Cerrillo deserved selection. In terms of players who made it, the biggest surprise is FC Dallas defensive midfielder Edwin Cerrillo, who not only has never played for the U-20 national team cycle, he has never played a game in his youth national team career at any level.

Cerrillo has impressed mightily at Dallas to start the season and Ramos has consulted with FC Dallas head coach Luchi Gonzalez about Cerrillo. Ramos admitted he was reluctant to call in players who he doesn’t know well because it risks changing the team dynamics but Cerrillo simply deserved it. Specifically, Ramos was intrigued with Cerrillo’s ability to play in physical situations.

“There are a bunch of young players now playing in MLS but Edwin has had that consistency with the first team,” Ramos said. “This is the difficult part because our preparation time is very short. So it's very difficult for me to take players that I didn't know well personally. Because when you take on a player, you're going to take a player that is not only going to help you on the field but a player you want to make you better off the field as well.

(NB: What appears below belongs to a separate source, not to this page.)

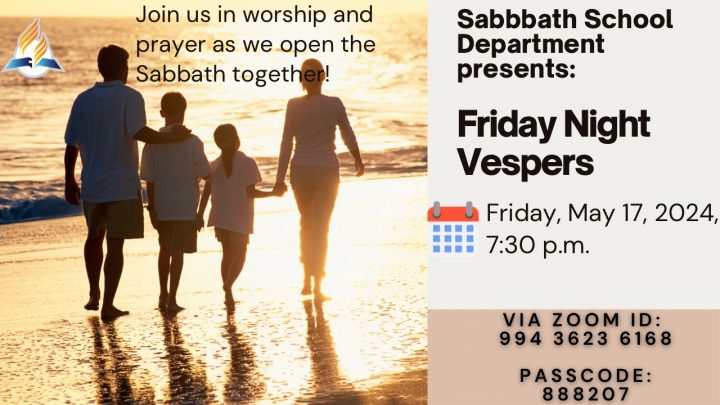 Sabbath School ministries will host this month’s Church Family Vesper at 7:30 p.m. The church family vespers are held the third Friday of every month. Come and be blessed as we welcome the Sabbath together! Please feel free to invite a friend and share this information with other members.

That is all important stuff and that is the spirit that this team has and I don't want to lose that by just changing guys. At the same time, I want with be fair to the guys who deserve to go and I think Edwin clearly showed by his display in Dallas that he deserved to go.”

In his eighth year in charge of the program, Ramos is aware now that he might not be done making roster decisions. In each of his three previous U-20 World Cups in charge of the team, Ramos has had to make changes to his roster prior to the start of the World Cup. Per the rules, teams can change their roster for injuries up to 24 hours before their team’s first game.

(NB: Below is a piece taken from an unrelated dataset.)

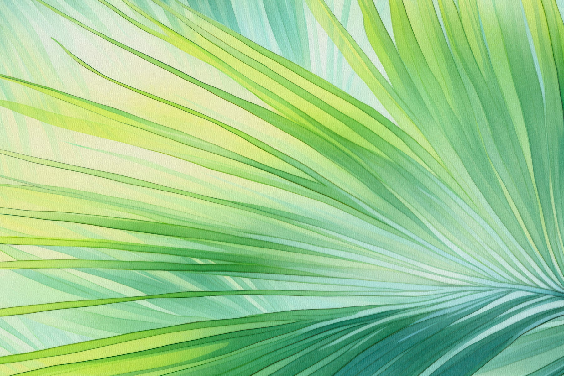 Immerse yourself in the lush beauty of the tropics with this vibrant wallpaper. The artistic rendering of palm leaves uses a watercolor technique to capture the subtle variations in shades of green, from bright lime to deep teal. The radiating lines of the leaves create a sense of movement and energy, while the overall color palette evokes feelings of tranquility and peace. The texture is soft and inviting, adding depth and visual interest. This wallpaper is perfect for creating a calming atmosphere in any room, from bedrooms to living spaces, adding a touch of exotic beauty to your home.

Ongoing injury worries. Ramos cited that he is worried that key players like Paxton Pomykal and Konrad de la Fuente have had muscle injuries in recent weeks and is prepared to make changes.

“I am still worried,” Ramos said. “In particular, if we were to look at Paxton and Konrad, they're two players who have had muscular injuries the past few weeks. Your concern is not that they're going to make it on time, your concern is whether there can be a reoccurence or will they be in good form when they start to play? There is a little bit of both of those things with those particular guys.”

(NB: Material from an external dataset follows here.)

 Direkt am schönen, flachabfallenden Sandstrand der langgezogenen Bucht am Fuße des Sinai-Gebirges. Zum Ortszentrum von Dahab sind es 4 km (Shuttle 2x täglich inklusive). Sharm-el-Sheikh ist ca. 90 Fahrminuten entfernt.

But Ramos is confident that with the deepest player pool he has ever had at the U-20 level, the team should remain competitive. (He even pointed out that current U.S. U-17 players in Gianluca Busio, Ricardo Pepi and Giovanni Reyna are on the 50-player preliminary U-20 roster and could be used as injury replacements.)

“This particular cycle has been a little bit different and I've noticed it's been changing from cycle to cycle - certainly the last three teams that I've had and this one being the fourth -- players are becoming more and more competitive and players are fighting for time on their first teams,” Ramos said. “This is a great place to be and where we wanted it to be a few years back when I, and all of us, started complaining: why don't young players play more? They're starting to get to that point and we're heading in the right direction.”

Photo: Robin Alam/Icon Sportswire

3 comments about "Tab Ramos discusses his U-20 World Cup roster selections, taking Weah and Cerrillo but not Araujo, Amaya and Amon, and injury worries".
  1. Bob Ashpole, May 11, 2019 at 2:44 p.m.

    Selection problems of the type coaches long for.

    Well written. Thanks.

  2. R2 Dad, May 11, 2019 at 3:25 p.m.

    Watching Cerillo clips, I can't believe he wasn't brought in for CONCACAF qualification--he looks exactly the kind of player who would thrive w CONCACAF officiating. Not sure once you get to UEFA /FIFA level if he's as effective, or a possible liability. Anyway, glad his MLS experience and coach is being listened to by Tab.

  3. Timothy Flynn replied, May 12, 2019 at 7:07 a.m.

    R2 Dad, I'll plead ignorance in regards to the player and officiating.  How/why would Cerillo be a benefit for Concacaf games and potentially a liability in Fifa or UEFA games?